At the start of each outer-loop iteration with index `i`, the prefix `A[0..i-1]` is sorted and contains the `i` smallest elements of the original array.

This invariant is stronger than saying the prefix is sorted. It also says the prefix contains exactly the correct elements. That second part matters because a sorted prefix alone does not guarantee progress toward the final sorted array.

Initially, when `i = 0`, the prefix is empty, so the invariant holds. During one iteration, the algorithm finds the smallest element in the suffix `A[i..n-1]`. Since the prefix already contains the `i` smallest elements, this suffix minimum must be the next smallest element overall. After swapping it into position `i`, the prefix grows by one and still satisfies the invariant.
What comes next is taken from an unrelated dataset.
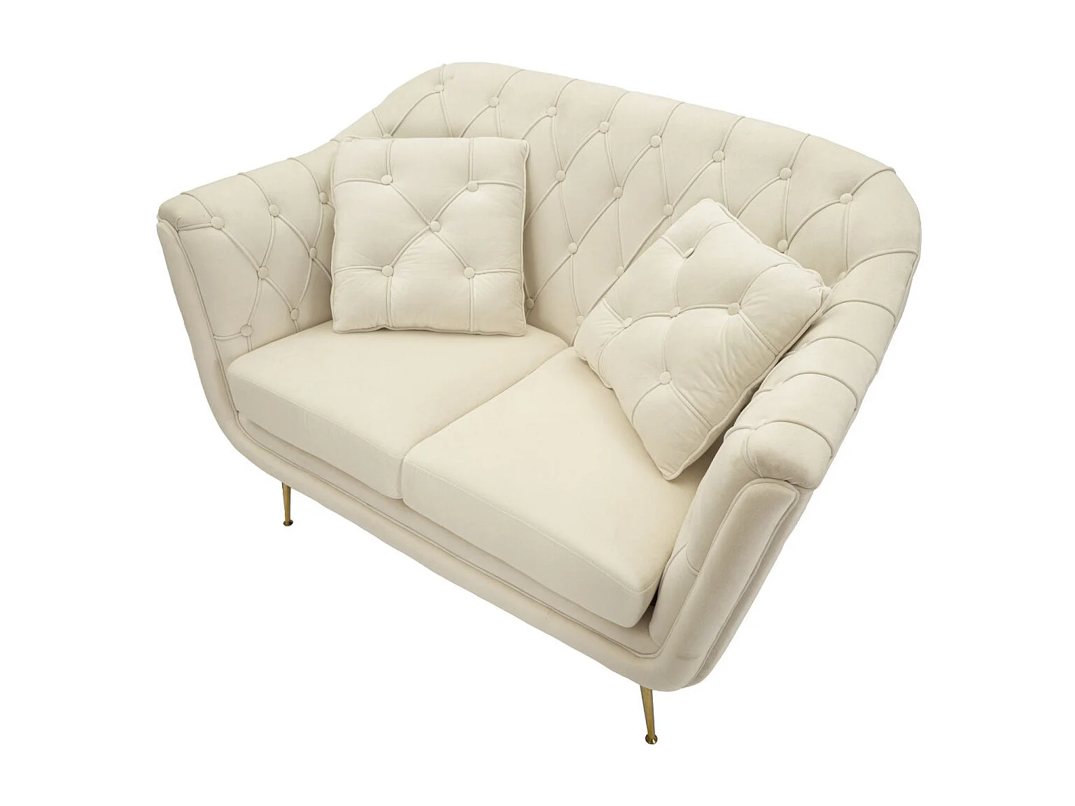 Crème stoffen bank met kussens 130 x 83 x 91 cm

When the loop terminates, the prefix is the whole array. Therefore the whole array is sorted and contains exactly the original elements.

## Correctness

Selection sort preserves the permutation condition because it only swaps elements. A swap changes positions but does not create or remove values.
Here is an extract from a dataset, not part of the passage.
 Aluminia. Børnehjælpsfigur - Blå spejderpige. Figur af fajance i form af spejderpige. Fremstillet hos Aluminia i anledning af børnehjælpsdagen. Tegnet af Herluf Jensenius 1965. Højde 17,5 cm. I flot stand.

Selection sort establishes the order condition by repeatedly placing the next smallest remaining element at the boundary between the sorted prefix and the unsorted suffix.

After iteration `i`, every element in `A[0..i]` is less than or equal to every element in `A[i+1..n-1]`. Therefore no later operation needs to modify the prefix. The sorted part is final, not provisional.

## Complexity

Selection sort performs a fixed number of comparisons, regardless of input order.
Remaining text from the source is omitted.